### The data:
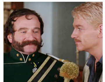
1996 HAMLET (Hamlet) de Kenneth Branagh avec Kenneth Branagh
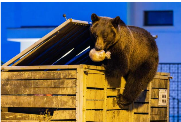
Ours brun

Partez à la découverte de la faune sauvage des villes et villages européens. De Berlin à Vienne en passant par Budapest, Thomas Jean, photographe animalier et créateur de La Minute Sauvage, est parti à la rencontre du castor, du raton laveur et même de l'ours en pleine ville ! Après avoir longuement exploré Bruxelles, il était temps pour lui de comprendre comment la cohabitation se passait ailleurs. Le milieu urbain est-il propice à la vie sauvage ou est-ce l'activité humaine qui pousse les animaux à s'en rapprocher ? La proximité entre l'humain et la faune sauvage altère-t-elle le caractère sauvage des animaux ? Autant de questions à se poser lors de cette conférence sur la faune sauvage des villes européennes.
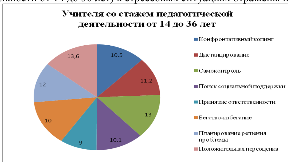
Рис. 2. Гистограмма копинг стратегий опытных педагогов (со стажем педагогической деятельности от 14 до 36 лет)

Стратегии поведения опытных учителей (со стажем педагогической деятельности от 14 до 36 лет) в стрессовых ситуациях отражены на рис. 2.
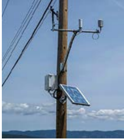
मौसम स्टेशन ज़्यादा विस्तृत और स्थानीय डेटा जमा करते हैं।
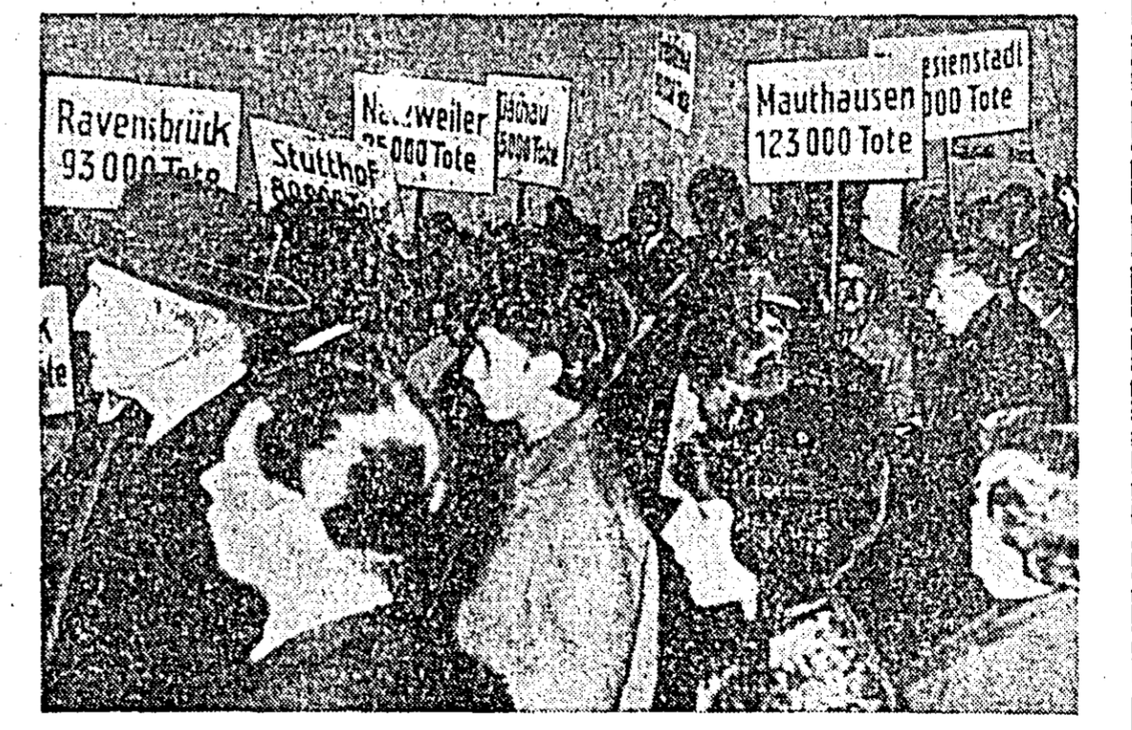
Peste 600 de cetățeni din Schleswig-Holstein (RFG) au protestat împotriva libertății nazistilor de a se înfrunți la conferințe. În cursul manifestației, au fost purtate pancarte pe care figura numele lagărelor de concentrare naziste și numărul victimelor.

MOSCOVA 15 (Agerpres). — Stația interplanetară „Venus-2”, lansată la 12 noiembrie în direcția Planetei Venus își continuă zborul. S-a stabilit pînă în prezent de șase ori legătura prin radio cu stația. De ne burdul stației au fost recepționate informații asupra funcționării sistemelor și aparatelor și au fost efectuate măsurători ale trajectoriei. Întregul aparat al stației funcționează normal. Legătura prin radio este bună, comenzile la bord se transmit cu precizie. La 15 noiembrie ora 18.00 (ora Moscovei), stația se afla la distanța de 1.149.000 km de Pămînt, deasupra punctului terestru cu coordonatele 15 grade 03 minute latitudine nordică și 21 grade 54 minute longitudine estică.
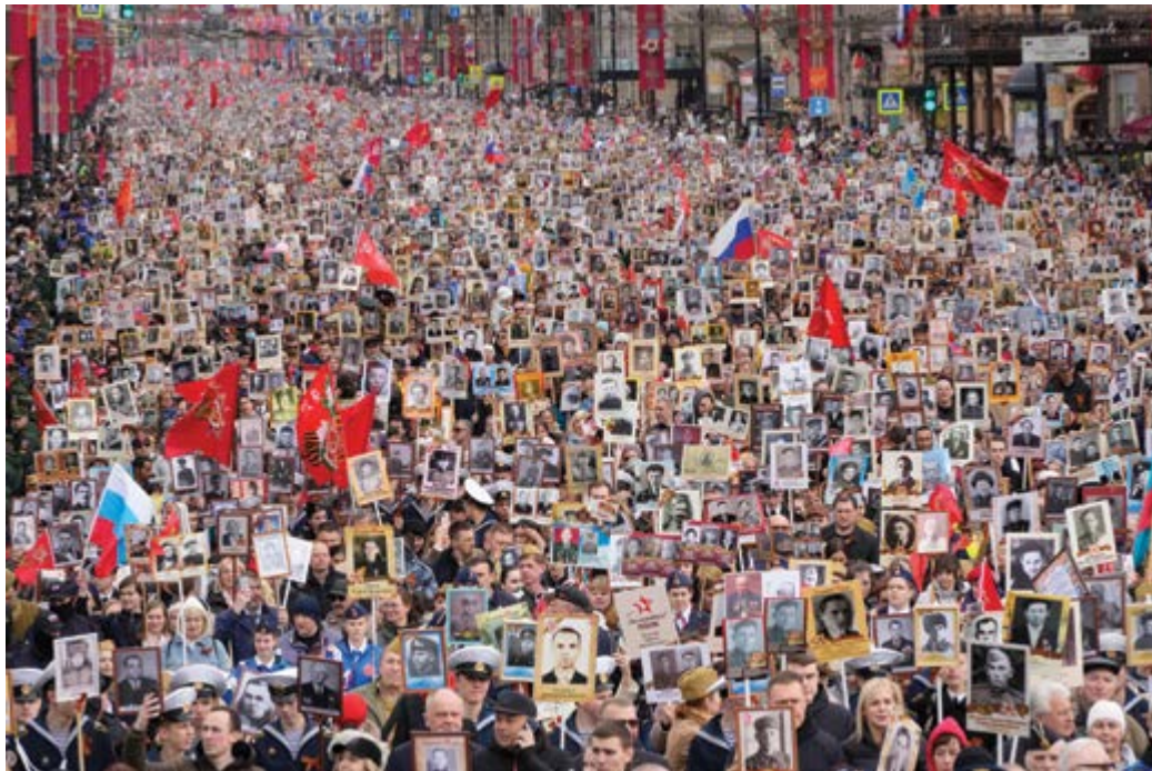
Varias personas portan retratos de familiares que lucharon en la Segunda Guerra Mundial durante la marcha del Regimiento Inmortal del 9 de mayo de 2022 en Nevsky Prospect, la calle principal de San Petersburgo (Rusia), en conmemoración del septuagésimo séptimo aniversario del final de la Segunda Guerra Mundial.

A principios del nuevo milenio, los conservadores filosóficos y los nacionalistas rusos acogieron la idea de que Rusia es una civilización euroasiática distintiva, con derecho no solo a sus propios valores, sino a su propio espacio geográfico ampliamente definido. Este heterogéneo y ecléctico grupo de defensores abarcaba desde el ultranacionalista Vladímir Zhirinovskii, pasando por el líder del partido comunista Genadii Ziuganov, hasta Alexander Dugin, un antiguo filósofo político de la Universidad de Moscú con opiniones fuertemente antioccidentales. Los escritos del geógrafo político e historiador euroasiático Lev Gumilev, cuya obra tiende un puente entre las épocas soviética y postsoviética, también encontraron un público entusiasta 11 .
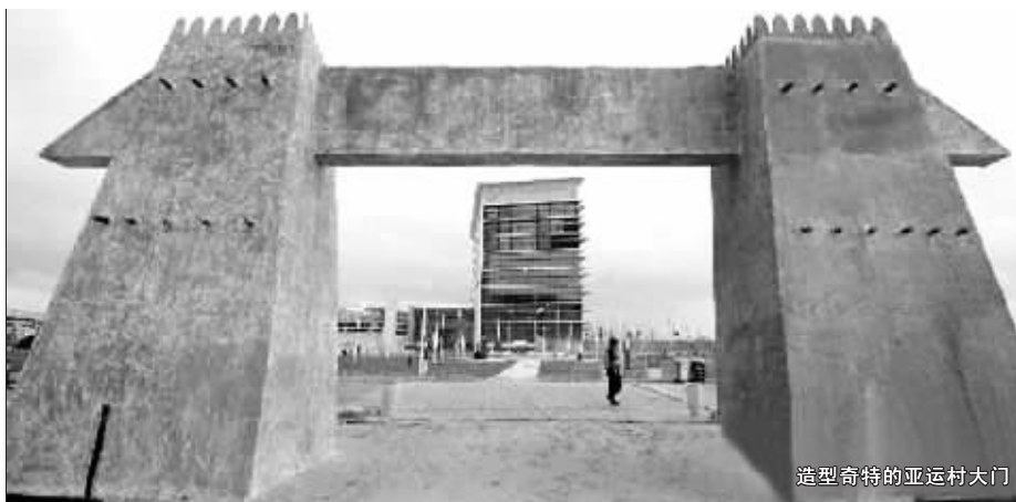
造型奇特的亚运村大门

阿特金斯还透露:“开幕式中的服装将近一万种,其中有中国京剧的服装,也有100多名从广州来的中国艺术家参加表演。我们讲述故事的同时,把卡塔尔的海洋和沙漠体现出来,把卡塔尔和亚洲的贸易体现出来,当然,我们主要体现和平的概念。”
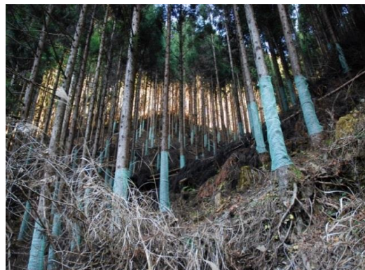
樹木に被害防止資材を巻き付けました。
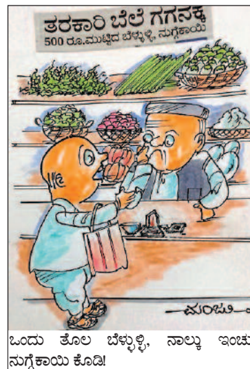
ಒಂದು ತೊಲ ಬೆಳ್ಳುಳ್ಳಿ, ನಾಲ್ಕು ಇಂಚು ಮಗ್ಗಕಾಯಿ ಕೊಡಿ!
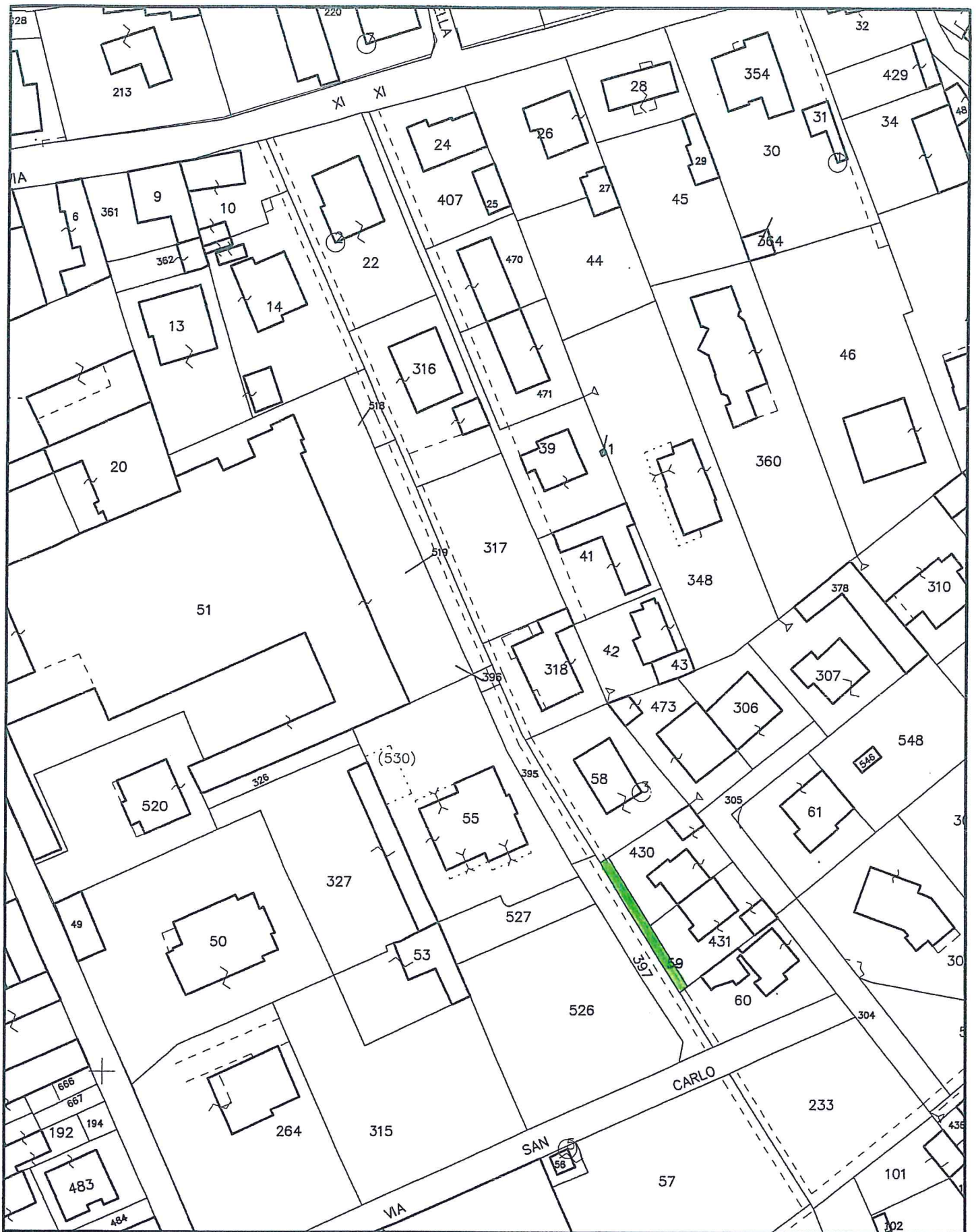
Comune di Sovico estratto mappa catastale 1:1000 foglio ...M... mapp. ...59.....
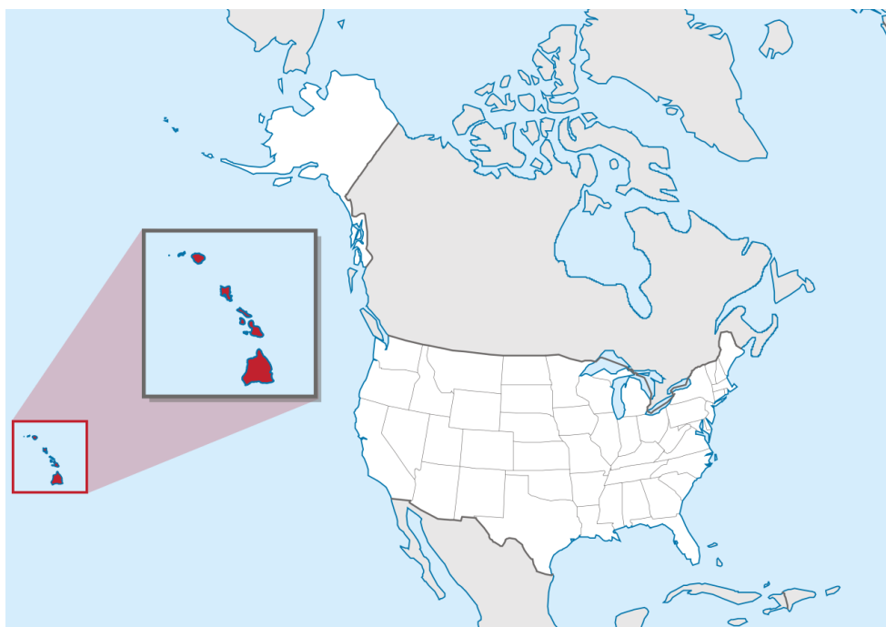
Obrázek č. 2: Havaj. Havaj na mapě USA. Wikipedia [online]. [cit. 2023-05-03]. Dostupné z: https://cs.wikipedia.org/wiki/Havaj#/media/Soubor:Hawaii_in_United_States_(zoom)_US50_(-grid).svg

### Exercise objective:
Go through the listing, and whenever a line contains the string "стажем", copy that line.

### Response below:
Рис. 2. Гистограмма копинг стратегий опытных педагогов (со стажем педагогической деятельности от 14 до 36 лет)
Стратегии поведения опытных учителей (со стажем педагогической деятельности от 14 до 36 лет) в стрессовых ситуациях отражены на рис. 2.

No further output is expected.